Please submit potential vulnerabilities or security questions to support@reflux.sh. Start enterprise security reviews through the contact sales form.
# Security posture
Reflux is designed around reviewed automation rather than silent simulator control. The agent drafts a typed plan first, validates the target simulator family and case paths, and requires an explicit review gate before applying any native simulator changes.
When Reflux edits an existing case, the product is intended to preserve the original source file and write reviewed output artifacts separately. Native files, run summaries, and plain-language evidence travel together so engineers can audit what changed.
# Third-party assessments
Reflux is an early product and does not currently claim a SOC 2 attestation. For enterprise pilots, we can provide architecture notes, adapter boundaries, test coverage summaries, and review workflow details on request.
Formal external penetration testing and compliance reports are part of the security roadmap as Reflux moves from early access into broader enterprise deployment.
# Deployment and infrastructure
Reflux supports local-first simulator workflows because many process simulation tools run on licensed desktop or workstation environments. An Aspen Plus adapter, for example, can connect to a licensed desktop installation instead of uploading a native simulator file by default.
Simulator access is scoped by adapter. Aspen Plus, HYSYS, Aveva Pro II, and GWB integrations are isolated so a workflow can expose only the simulator actions it needs. Reflux favors explicit configuration, narrow tool methods, and path validation over broad shell access.
# Client and agent security
Agent requests are converted into structured plans before execution. Apply calls must include review confirmation and a matching plan fingerprint, which reduces the risk of an agent applying a stale or unintended simulator mutation.
Reflux separates explanatory text from native simulator work. Results are reported with the touched blocks, streams, components, convergence status, output paths, and warnings where available, so reviewers can distinguish a model suggestion from an executed run.
Current secure-use practices include:
- Run generated workflows against a copied or template-backed case first.
- Keep execution flags disabled until the reviewer confirms the plan.
- Limit each simulator integration to the adapter methods required for the workflow.

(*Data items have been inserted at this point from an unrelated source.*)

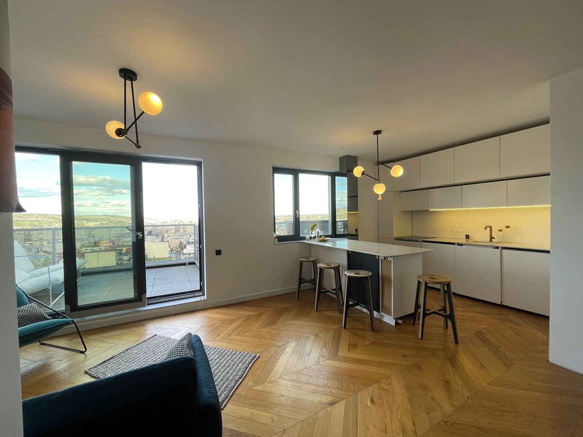 El apartamento está ubicado en el edificio Viva City Residence, cerca de parques y maravillosas vistas, a 100 metros del centro comercial Iulius. Te encantará esta casa porque tiene un ambiente agradable, la terraza con una hermosa vista, única y no olvidemos la cama muy cómoda. El lugar es bueno para parejas o viajeros de negocios. Tienes wifi incluido, cocina completa, cafetera espresso Nespresso y TV LCD de alta definición con canales por cable y Netflix. Te estoy esperando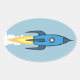 Adesivo Oval Crianças Blue Rocket Navio Espaço Exterior Bonito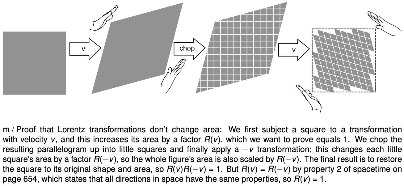 The only thing left to determine about the Lorentz transformation is the size of the transformed parallelogram relative to the size of the original one. Although the drawing of the hands in figure k may suggest that the grid deforms like a framework made of rigid coat-hanger wire, that is not the case. If you look carefully at the figure, you'll see that the edges of the smooshed parallelogram are actually a little longer than the edges of the original rectangle. In fact what stays the same is not lengths but areas, as proved in the caption to figure m.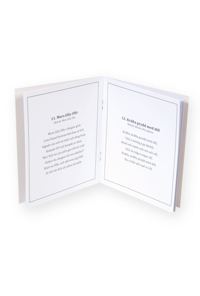 Det finns inget som höjer stämningen på en tillställning som att få ta ton tillsammans med sina vänner runt bordet. Med detta praktiska sånghäfte behöver ni inte förereda några spellistor. Här finns alla sånger som tillhör en kräftskiva av rang. Fyll glaset, ta ton och sjung för full hals!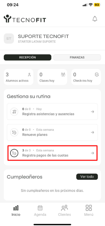 En este artículo, aprenderás cómo registrar pagos desde el Dashboard en el Plan Starter para Estudio, utilizando la Aplicación Tecnofit Gestión.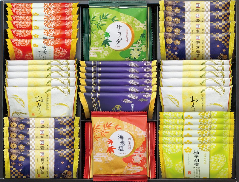 黒豆おかき×10枚、青さ海苔煎餅×8枚、のり巻あられ×6枚、柚子胡椒煎餅×6枚、海老カレー煎餅×6枚、海老塩煎餅×3枚、サラダ煎餅×3枚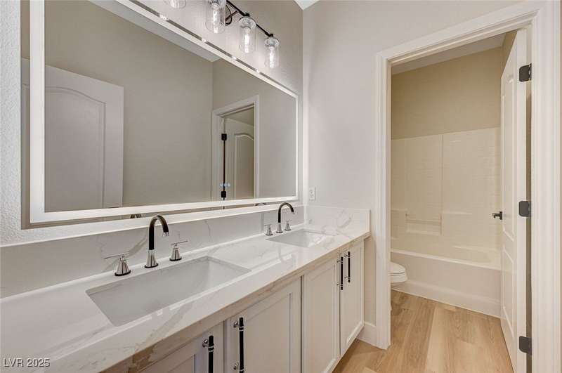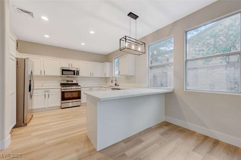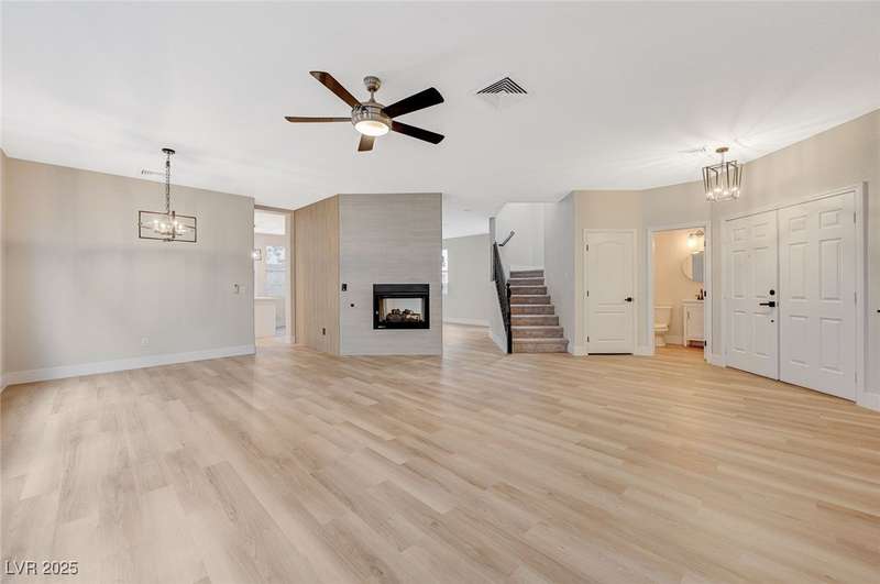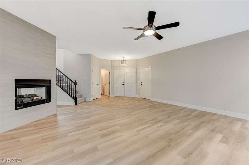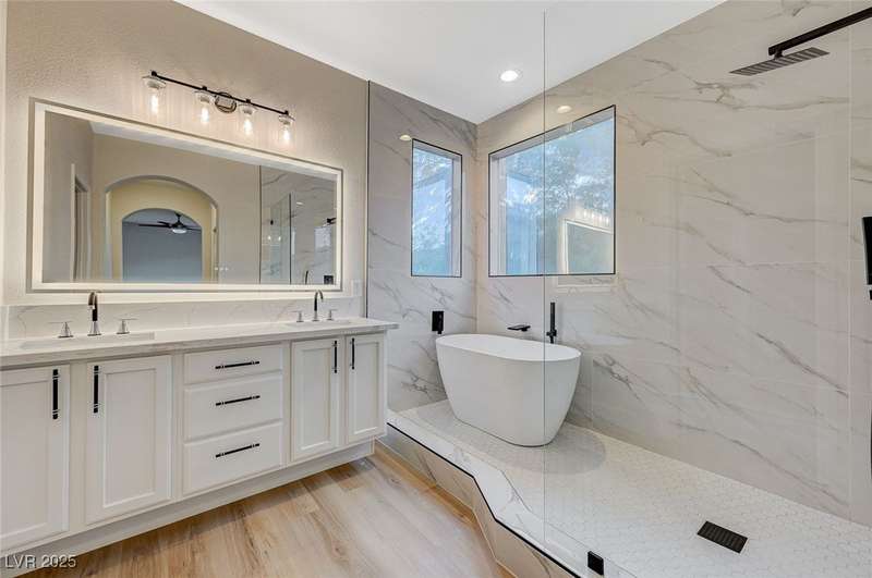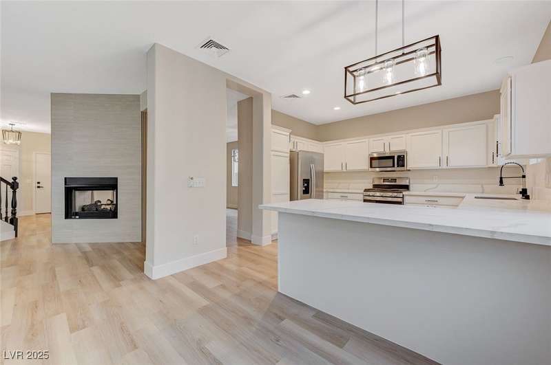 Step into a beautifully remodeled home in the highly desirable Southern Highlands community, where natural light pours through open spaces. The bright, updated kitchen with abundant storage flows seamlessly into a welcoming living area anchored by a modern double-sided fireplace, perfect for cozy mornings or entertaining. Upstairs, the primary suite feels like a retreat, featuring a spa-inspired bathroom with a soaking tub, separate shower, and dual vanities—ideal for unwinding after a long day. The manicured, low-maintenance backyard offers a private escape, perfect for relaxing or hosting friends. Nestled on a tranquil, tree-lined street just minutes from parks, schools, shopping, and dining, this home is designed for comfort, style, and effortless entertaining in one of Las Vegas’ most sought-after neighborhoods.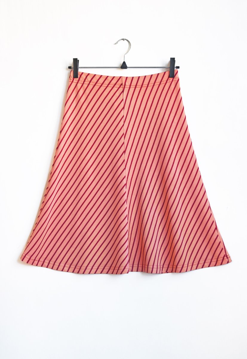 Klockad kjol i fyra våder med resår i midjan. Kvalitet 55 % viskos och 45 % bomull. Maskintvätt 40 grader.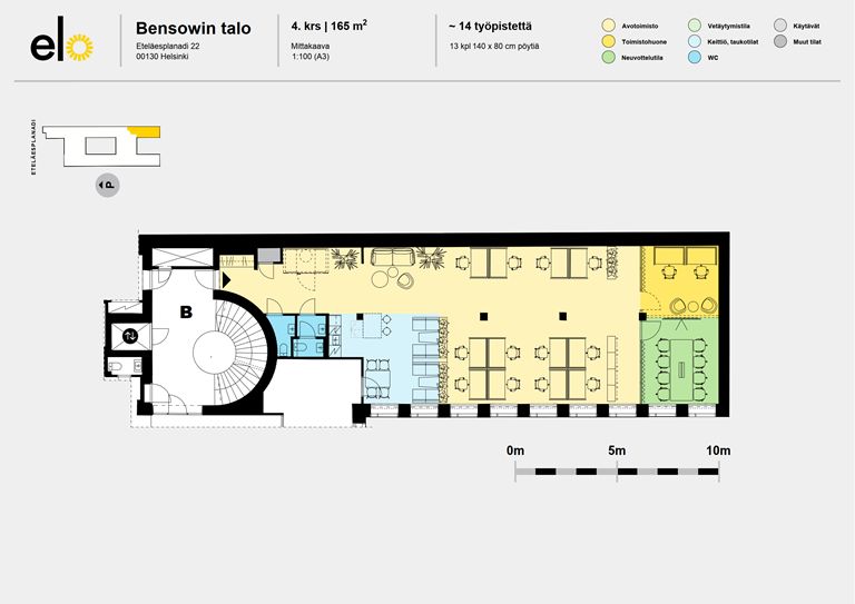 Bensowin talona tunnettu kiinteistö on hyvä valinta, kun etsit arkkitehtuurisesti arvokasta kohdetta yrityksen uudeksi osoitteeksi. Bensowin talo sijaitsee vastapäätä Esplanadin puistoa, ydinkeskustan palveluiden keskellä. Tervetuloa osaksi maineikkaan talon tarinaa.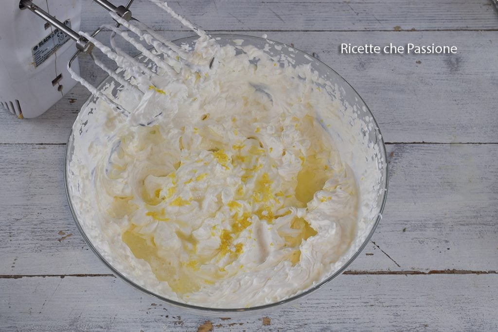 3. Ajoutez maintenant le zeste râpé d’un demi-citron, ou entier, et un peu de jus de citron, ajustez à votre goût, mais je vous conseille de ne pas exagérer, parce que nous avons le gelée au citron qui a un goût vraiment intense, cela équilibre un peu.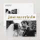 ¡Solo casados! Anuncie su salida o boda con esta postal recién casada. Presenta una tipografía audaz retro dorada con acento cardíaco. Personalice agregando sus nombres, fecha de boda, mensaje y fotos. Esta tarjeta recién casada es perfecta para cualquier tema boda y temporada. Está disponible como tarjeta plana, postal y plegada.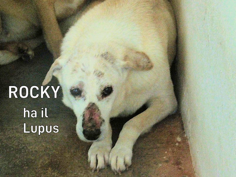 Lui è Rocky,  la sua posizione fa  capire tutta la sua paura di vivere.  Passera’ in quella gabbia ancora qualche tempo,  ha il Lupus, una malattia che, in canile, non gli consentira’  di vevere c a lungo come i suoi  fratelli  prima di farsi trovare morto  in un angolo, senza mai avere vissuto. Forse è quello piu’ fortunato …

- Store native case files and run artifacts in customer-controlled locations.
# Data handling
Reflux is built for proprietary engineering data. The product direction is to let teams keep simulator files, plant assumptions, DCS context, and generated outputs in their own environment unless they explicitly choose to share them for support or an enterprise pilot.
Model-provider, retention, and training terms should be agreed with each customer before production use. Reflux can scope deployments so sensitive simulator artifacts remain local and only reviewed summaries or approved metadata leave the workstation.
# Enterprise administration
Enterprise deployments should define the permitted simulators, case roots, execution permissions, review requirements, and artifact-retention locations before enabling production runs.
The roadmap includes clearer policy controls for teams: approved adapter lists, audit-friendly run histories, and deployment patterns for local workstations, controlled lab machines, and internal agent clients.
# Vulnerability disclosures
If you believe you have found a vulnerability in Reflux, please send a report to support@reflux.sh with a description, affected surface, reproduction steps, and any relevant logs or screenshots. We will acknowledge reports as quickly as possible and prioritize fixes by severity and potential customer impact.